2)It doesn't matter how smart a person is. Being smart doesn't dictate possible partners. When looking for a long term partner, we're all equally selective in who we choose. Maybe gaining friendships, not partners, will be a possibility the moment you stop and identity people as people. Stop identifying people by labels. It's dehumanizing and offensive.

3)Any interest is a good interest. It doesn't matter whether or not other people enjoy the same interests you do. If a person is a good person, they'll value the fact you enjoy yourself in these hobbies. Period.

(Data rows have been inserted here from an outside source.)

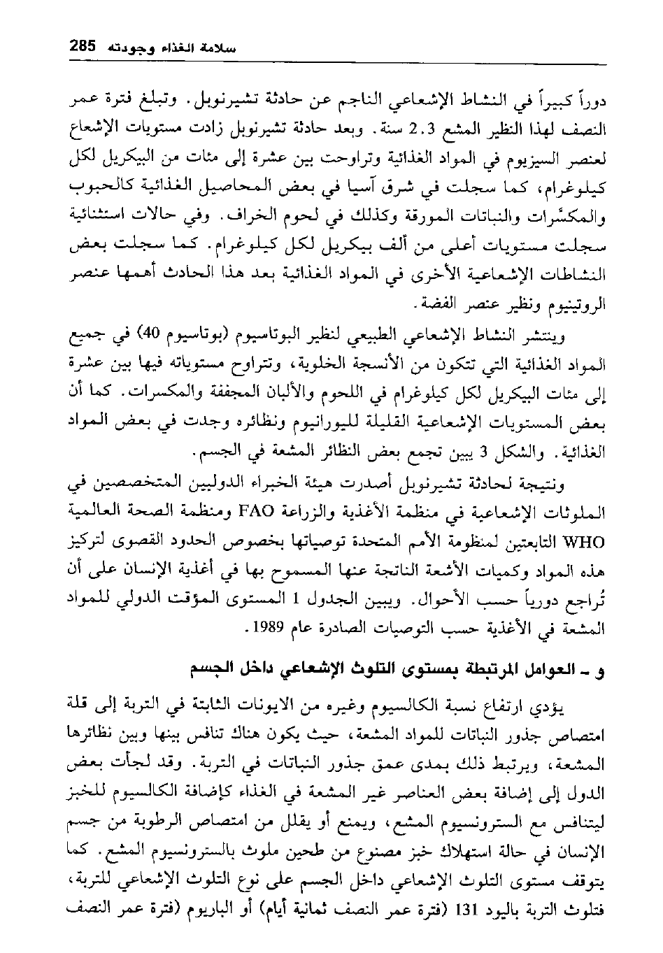 ونتيجة لحادثة تشيرنوبل أصدرت هيئة الخبراء الدوليين المتخصصين في الملوثات الإشعاعية في منظمة الأغذية والزراعة FAO ومنظمة الصحة العالمية WHO التابعتين لمنظومة الأمم المتحدة توصياتها بخصوص الحدود القصوى لتركيز هذه المواد وكميات الأشعة الناتجة عنها المسموح بها في أغذية الإنسان على أن تراجع دوريا حسب الأحوال. ويبين الجدول 1 المستوى المؤقت الدولي للمواد المشعة في الأغذية حسب التوصيات الصادرة عام 1989.
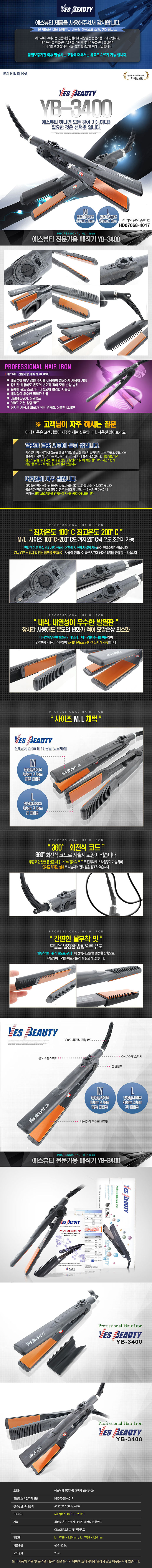 | [예스뷰티] [예스뷰티] 헤어 전문가용 매직기 YB-3400(M) | |
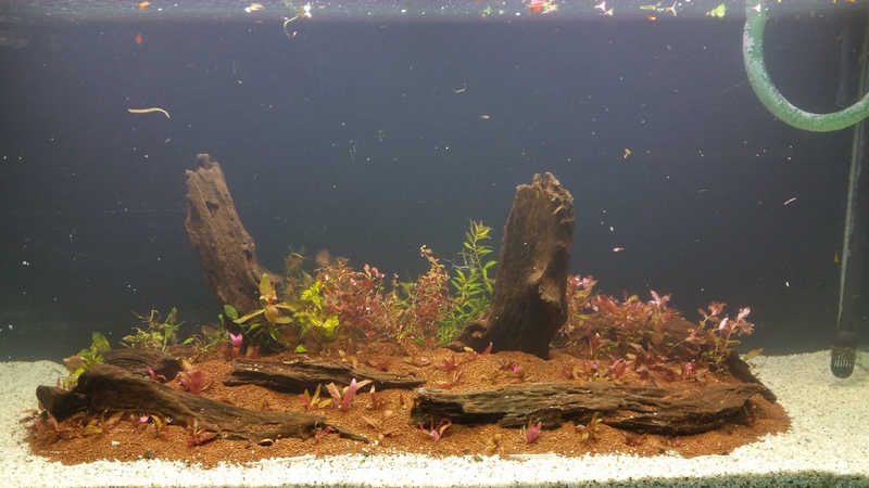 След малко измъчено засаждане в манадото и пълнене на аквариума и изкореняване на 1/3 от растенията заради лекия манадо, накрая го закрепих и напълних.
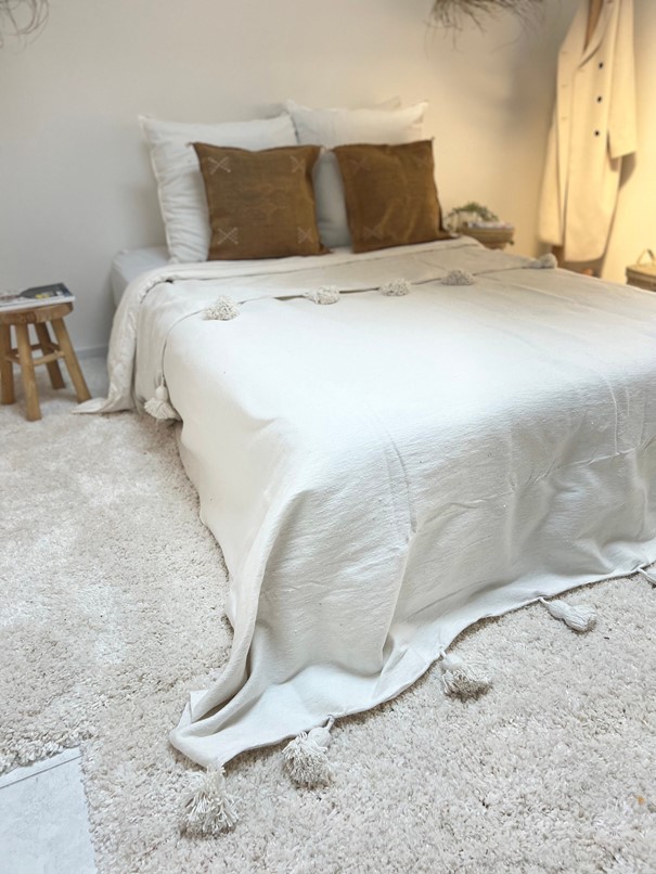 Ce plaid tissé main marocain est conçu avec 100 % de coton naturel. Ce matériau offre une douceur agréable tout en garantissant une bonne résistance. De plus, chaque plaid est unique, car le tissage à la main révèle un savoir-faire authentique et traditionnel. Ce travail artisanal apporte charme et caractère à votre espace.
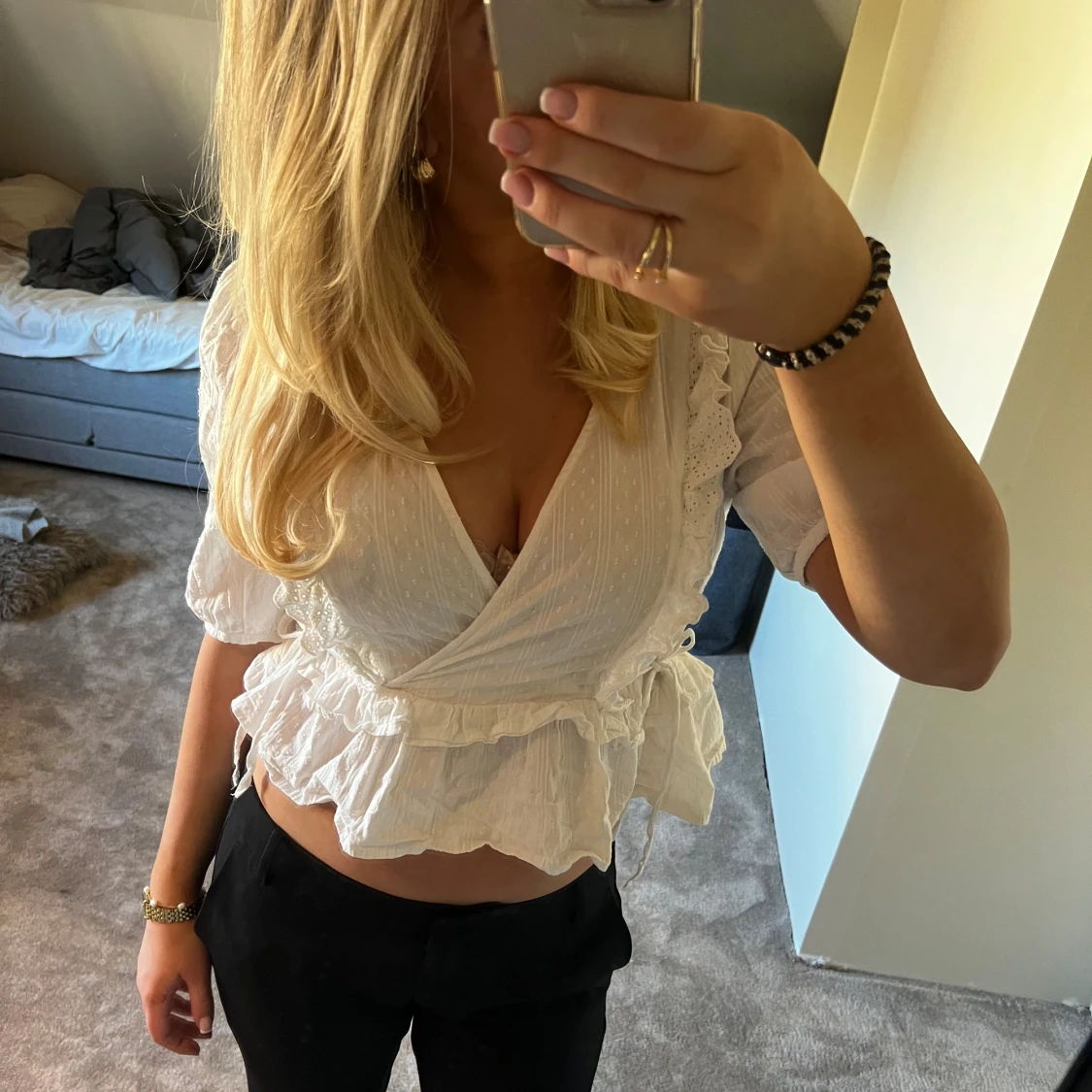 så så snygg men kommer inte till användning 🙃svår att visa på bild - men ganska kort(typ till naveln), v ringad med snören som man knyter på sidorna. lite puffiga armar. passar S-M
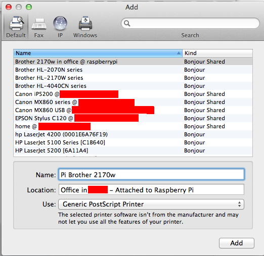 You should see your printer appear under Local Printers. So to make the Brother HL-2030 but also a Brother HL-2040 working as a network printer through a Raspberry Pi download this BRHL1620ppd file or the more complete BRHL2030-HL1250ppd and use it during the CUPS printer installation. I have no clue how to compile source code on the Raspi so can someone please do me the favor.

4)Let me suggest what I do here; People used to call me a know-it-all. So I quickly put a stop to that. I will not type not grammatically correct. With words including I'd instead of I'll. (See above.) I'm more concerned with other people's emotions than winning an argument. I always try to joke, seem on the level, and put other people at ease by choosing to make a fool out of myself. Especially if I pick up on the fact the other person is clearly awkward. I do not see other people as inferior to myself no matter what drivel they spew out of their mouths. (I've heard my share of hateful, and violent rhetoric.) And I also don't brag. I won't brag. Not about listening to Volker David Kirchner, reading the works of various French Philosophers, or how I enjoy reading the American Psychological Associations Journals.

In other words, I stopped being a snob.